Commercial: Varying a contract

Under the law of contract it is clear that a contract can only be varied by a further contract. In essence a contract cannot be varied unilaterally.

In GEC Marconi Systems Pty Ltd v BHP Information Technology Pty Ltd [2003] FCA 50 Finn J sets out principles that he says are relevant to variations of contracts which warrant repetition in this case [226]:

(1) Parties to an existing agreement may vary or extinguish some of its terms by a subsequent agreement: Tallerman & Co Pty Ltd v Nathan’s Merchandise (Victoria) Pty Ltd [1957] HCA 10; [(1957) 98 CLR 93]. In so doing the parties will have made “two contracts”: Commissioner of Taxation v Sara Lee Household & Body Care [2000] HCA 35; (2000) 201 CLR 520 at 533; with the latter, no less than the former being subject to the ordinary rules governing contract formation: for example, BP Refinery (Westernport) Pty Ltd v Shire of Hastings (1977) 180 CLR 266 at 286; Tekmat Pty Ltd v Dosto Pty Ltd (1990) 102 FLR 240 at 248.

(2) Conduct engaged in for the purposes of ongoing commercial arrangements is not always readily susceptible to the traditional forms of analysis employed by common lawyers for the purposes of determining whether a contract has been formed: Integrated Computer Services Pty Ltd v Digital Equipment Corporation (Aust) Pty Ltd (1988) 5 BPR 11,110 at 11,117. This can be particularly the case when dealings are analysed on an offer and acceptance basis. So in Vroon BV v Foster’s Brewing Group Ltd [1994] 2 VR 32 at 81, Ormiston J was prepared to accept:

“… that agreement and thus a contract can be extracted from circumstances where no acceptance of an offer can be established or inferred and where the most that can be said is that a manifestation of mutual assent must be implied from the circumstances.”
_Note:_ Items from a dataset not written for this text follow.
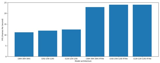 Performance of the different models in FPS, where the FPS results are the average FPS of 100 recorded frames. Three different custom-made tops were used to test the proposed performance using the custom-trained CNN with MobileNetV2. The first top has three hidden layers with 384 neurons each, making it the largest custom-made top for MobileNetV2 in this example (384-384-384). The second top, with a configuration of 192-256-128, is the second largest custom-made top. The third top, with a configuration of 128-128-128, is the smallest custom-made top. Additionally, TensorFlow-lite quantization was applied to all three networks.
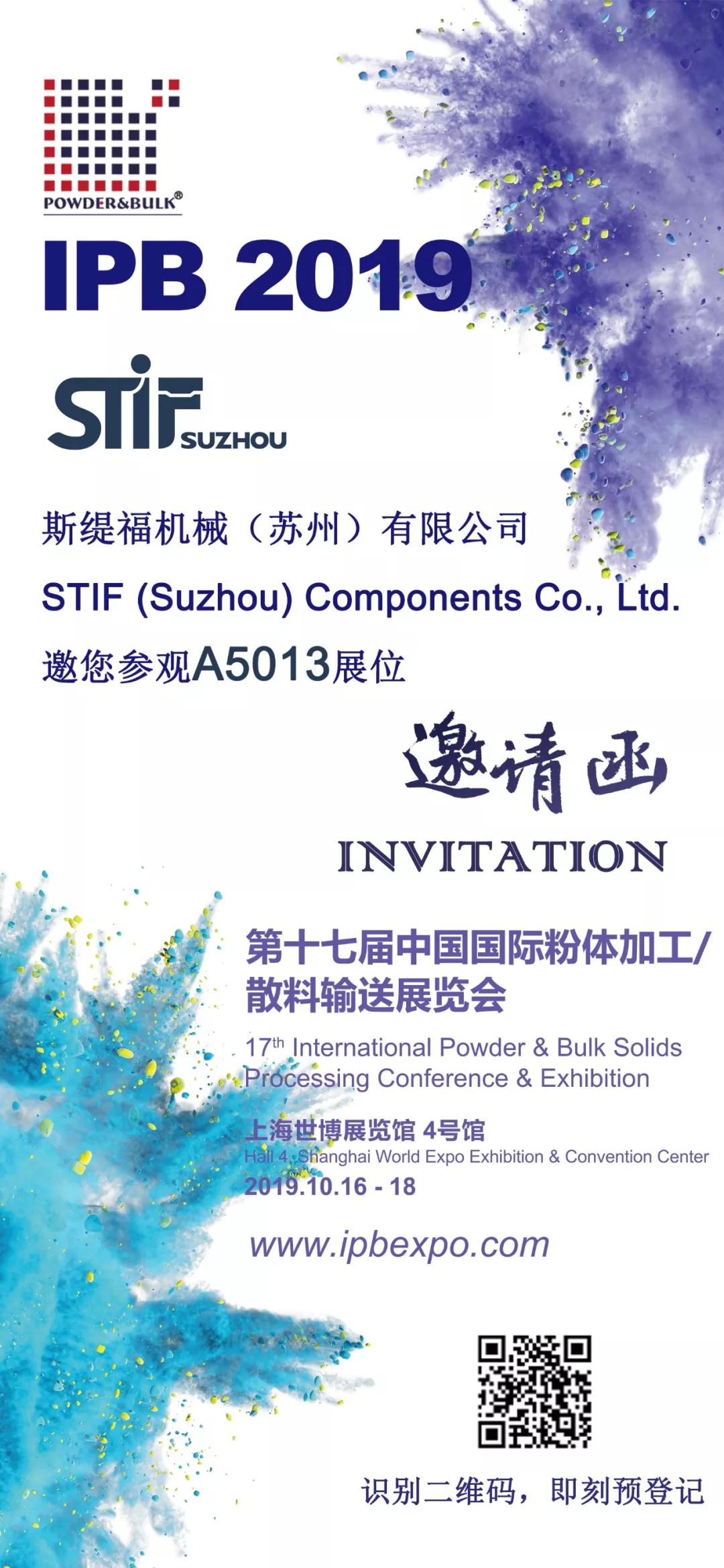 第十七屆中國國際粉體加工/散料輸送展覽會(IPB 2019)定于2019年10月16-18日舉行,來自粉碎、研磨、篩分、干燥、混合、過濾、輸送、包裝、測試、安全防爆等領域的200家粉體展商齊聚上海世博展覽館。
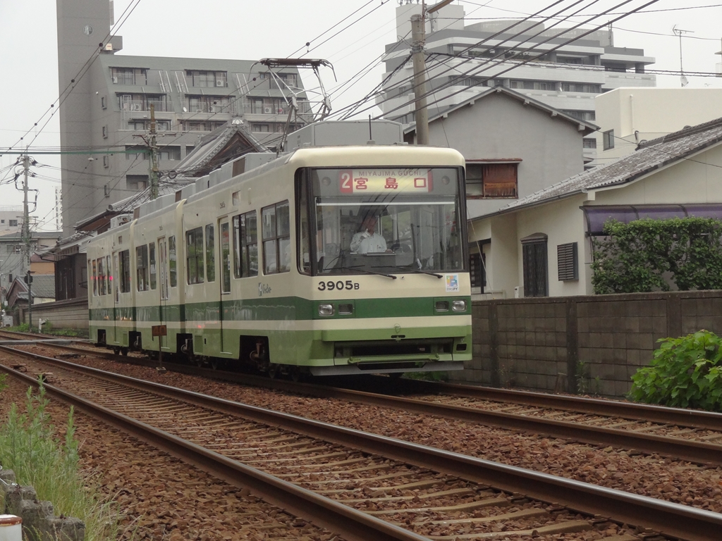 1900形は千田にも江波にも配置されており、800形や700形と違い白島線にも入るので、2号線以外の全ての系統の運用に入る唯一の単車です。

Likewise in Integrated Computer Services Pty Ltd at 11,118 McHugh JA observed that:

“… in an ongoing relationship, it is not always easy to point to the precise moment when the legal criteria of a contract have been fulfilled. Agreements concerning terms and conditions which might be too uncertain or too illusory to enforce at a particular time in the relationship may by reason of the parties’ subsequent conduct become sufficiently specific to give rise to legal rights and duties. In a dynamic commercial relationship new terms will be added or will supersede older terms. It is necessary therefore to look at the whole relationship and not only at what was said and done when the relationship was first formed.”

(3) In determining whether the communications between the parties constitute a contract the court is not confined to a consideration of the terms or manner in which the communications were made: they must be interpreted by reference to the subject matter and the surrounding circumstances including, inter alia, the nature of, and the relationship between, the parties, and previous communications between them, as well as to standards of reasonable conduct in the known circumstances: Film Bars Pty Ltd v Pacific Film Laboratories Pty Ltd (1979) 1 BPR 9251 at 9255. See also Australian Broadcasting Corporation v XIVth Commonwealth Games Ltd (1988) 18 NSWLR 540 at 550.

(4) Post-contractual conduct is admissible on the question whether a contract was formed though it is not admissible on the question of what that contract, if formed, means: Brambles Holdings Ltd v Bathurst City Council [(2001) 53 NSWLR 153] at 163 – 164; Lord Steyn, “The Intractable Problem of The Interpretation of Legal Texts”, p 9 ff, The John Lehane Memorial Lecture (2002).